# Growing Aquarium Plants Outside!



## aquanauts (Jan 18, 2015)

Hey guys.
It is getting warmer and I want to start growing plants outside; in water filled tubs and in emerssed grow containers.
I know this is possible, but do you guys have any tips, warnings, horror stories, or experience with growing plants outside?
THANKS!


----------



## wootlaws (Feb 25, 2011)

You do realize in nature that's where all plants grow right... like outside?
Joking aside...
I actually have my tank outdoors in sunny socal so far no issue with it. The temperature swings from an outdoor tanks actually is quite nice I see plants and fish reacting differently depending on the temperature. However we don't have extreme hot and cold temperatures where I live so it's pretty consistent night time never dips below 50 degrees and day time never exceeds 90 degrees. Granted my tank is not in direct sunlight so no extreme green algae growth on my tank glass.


----------



## aquanauts (Jan 18, 2015)

Hahaha I know that. I was just asking because where I live, It does (not tooooo often) get over 100 degrees and I have heard stories of the tanks getting over run with algae.


----------



## Diana (Jan 14, 2010)

Good water circulation will discourage mosquitoes. Could add Guppies, Endlers or others to eat them, too. 

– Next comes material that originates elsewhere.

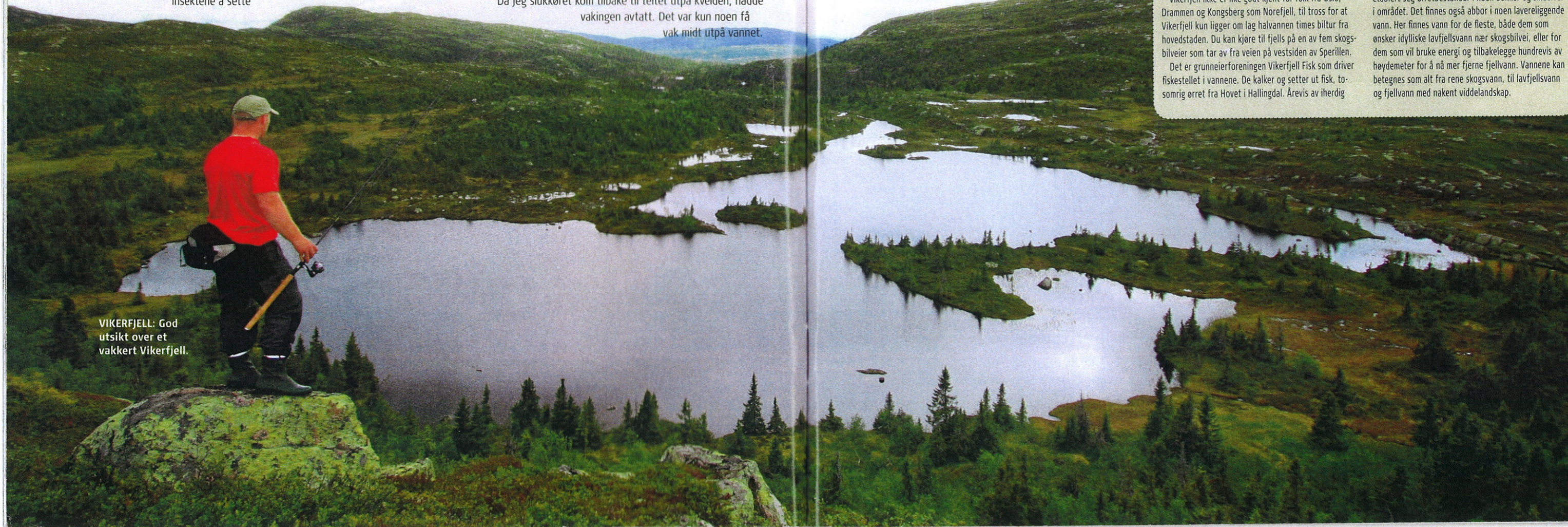
VIKERFJELL: God utsikt over et vakkert Vikerfjell.

kultivering har gitt resultater. I dag finnes et tjuetall vann med en meget god ørretbestand. I tillegg har det etablert seg ørretbestander i noen bekker og småelver i området. Det finnes også abbor i noen lavereliggende vann. Her finnes vann for de fleste, både dem som ønsker idylliske lavfjellsvann nær skogsbilvei, eller for dem som vil bruke energi og tilbakelegge hundrevis av høydemeter for å nå mer fjerne fjellvann. Vannene kan betegnes som alt fra rene skogsvann, til lavfjellsvann og fjellvann med nakent viddelandskap.

Hot days: Have shade to keep it cool. Test the water. Ought to stay no higher than 80*F, and even that is a bit too high. Mid 70s is better. 

Cold nights: If the water has warmed through the day, then a simple tarp (or clear plastic) over the container can retain enough heat for most average summer nights. OK if it drops into the mid 60s for a lot of plants, though there are some that won't like it.


----------



## seandelevan (Sep 24, 2006)

I have a pond and for the heck of it I started throwing some of my tank plants in there. As some posters have already mentioned it best be warm out. Even in southern VA when it's in the 80s and 90s from June to August it still didn't seem to do much. My Amazon swords did OK..but my crypts, repens, and hygro kinda looked meh when I pulled them out at the end of summer. Now maybe it would be different if they had tanks to themseleves outside instead being shadowed by much bigger pond plants like lilies and parrots feather and the sort but this summer im probbaly going to skip the fun.


----------



## Ashraf (Oct 7, 2014)

I keep mollies in my outdoor planted tubs to deal with algae. 

I never feed them - but they have humped well into the 7th generation so far...

And the tubs are pretty clear. Main thing is they are no-tech.


----------